Si segnala una recente sentenza della Cassazione Penale, Sez. IV depositata il 20 giugno 2011 n. 24573, che prendendo le mosse da una decisione intervenuta in sede di udienza preliminare in cui il giudicante aveva escluso l’esistenza di una posizione di garanzia in capo agli infermieri, contemplata dalla fattispecie del reato omissivo improprio di cui all’art. 40, comma 2 c.p. (non impedire un evento, che si ha l’obbligo giuridico di impedire, equivale a cagionarlo) ha, viceversa, stabilito che “rientra nel proprium (non solo del sanitario, ma anche) dell’infermiere quello di controllare il decorso della convalescenza del paziente ricoverato in reparto, sì da poter porre le condizioni, in caso di dubbio, di un tempestivo intervento del medico”.

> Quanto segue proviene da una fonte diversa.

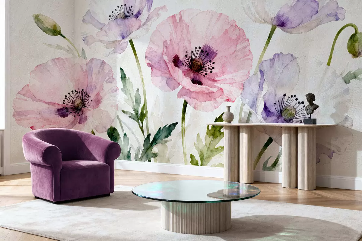 Fototapeten Aquarellierte Mohnblumen N° w05174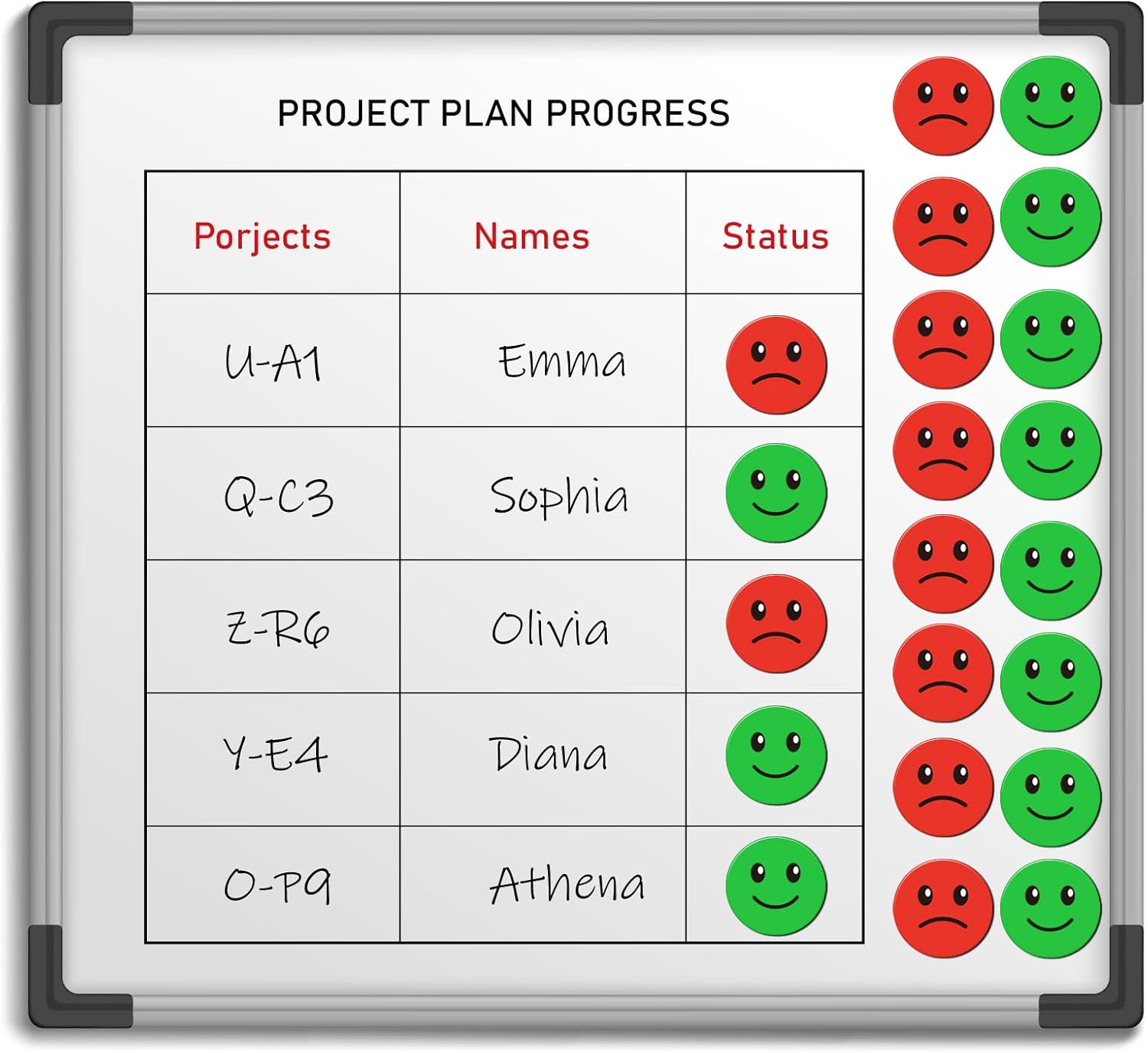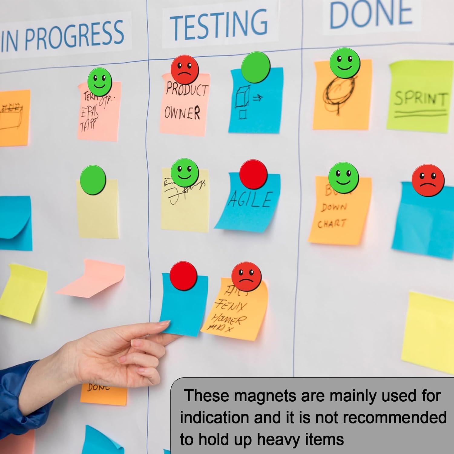 25 Pcs 1” Double-Sided Red Green Smiley Face Magnets, Flip Over Colored Magnetic Dots for Whiteboard, Refrigerator, Office (25, Happy/Sad-Colors)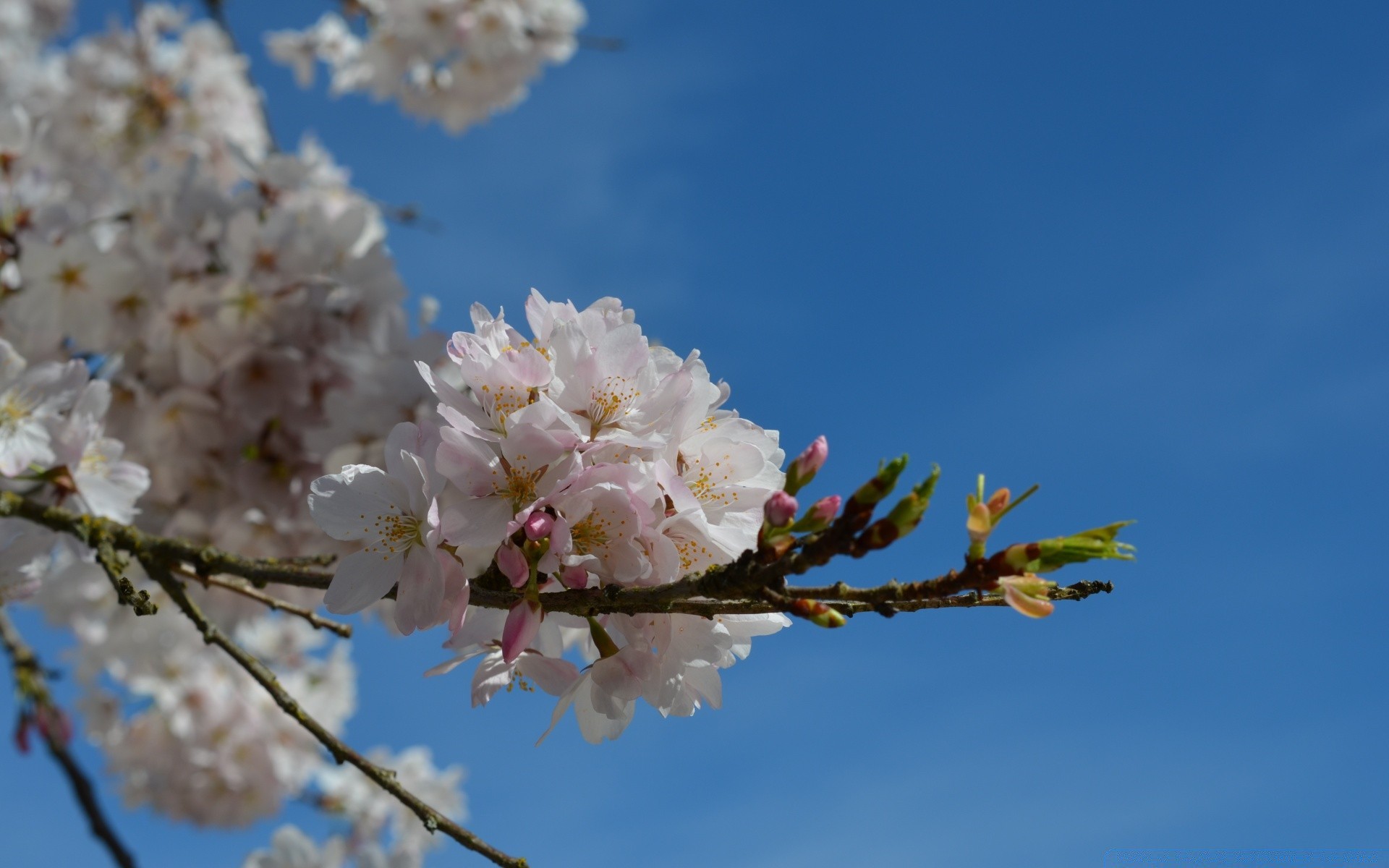 Fioritura vmshnya sullo sfondo del cielo blu

La triste vicenda che ha dato origine a questa sequela di pronunce che hanno poi condotto al giudizio del Supremo Collegio è quella di un signore che la mattina del 13 settembre 2005 veniva condotto con urgenza al Pronto Soccorso poiché rimasto gravemente ferito a seguito di un incidente stradale.
Sottoposto a un delicato intervento chirurgico all’arto inferiore destro che terminava alle ore 12:30. Nella fase post-operatoria emergevano delle complicazioni. La moglie del paziente, una volta notato lo stimolo al vomito, l’intensa sudorazione e il copioso sanguinamento chiedeva a più riprese invano l’aiuto e l’intervento del personale infermieristico.
Solo alle ore 21:40 dello stesso giorno e solo grazie all’interessamento di un medico del Pronto Soccorso, il paziente veniva sottoposto a una TAC al termine della quale veniva poi finalmente trasferito, oramai in stato di incoscienza e con una seria e preoccupante diagnosi (coma con insufficienza cardiocircolatoria terminale in soggetto cranio traumatizzato), in un altro ospedale.
Nonostante un pronto e riuscito intervento di craniotomia fronto-temporo-parietale, il paziente decedeva il 17 settembre 2005 nel reparto di rianimazione della struttura sanitaria.
Nei confronti di tutti gli imputati nel corso dell’udienza preliminare veniva dichiarato il non luogo a procedere “perché il fatto non sussiste”. Nello specifico il Pubblico Ministero imputava al personale infermieristico di non avere dato corso alle incessanti richieste di intervento medico avanzate dai familiari della vittima.
La Suprema Corte di Cassazione ha definito “del tutto improponibile giuridicamente… l’assunto del giudicante teso ad escludere la sussistenza di una posizione di garanzia degli infermieri, che, oltre ad essere affermazione apodittica, fraintende completamente i principi applicabili nella subiecta materia”.
È vero, per la Corte Suprema, il contrario, con la pregnante precisazione che ”non è in discussione (né lo potrebbe essere) una comparazione tra gli spazi valutativi e decisionali dell’infermiere rispetto al medico, ma solo l’obbligo per l’infermiere, anche solo in caso di dubbio ragionevole (qui, fondabile non foss’altro che per le reiterate indicazioni dei parenti), di chiamare l’intervento del medico di turno, cui poi compete la decisione ultima”.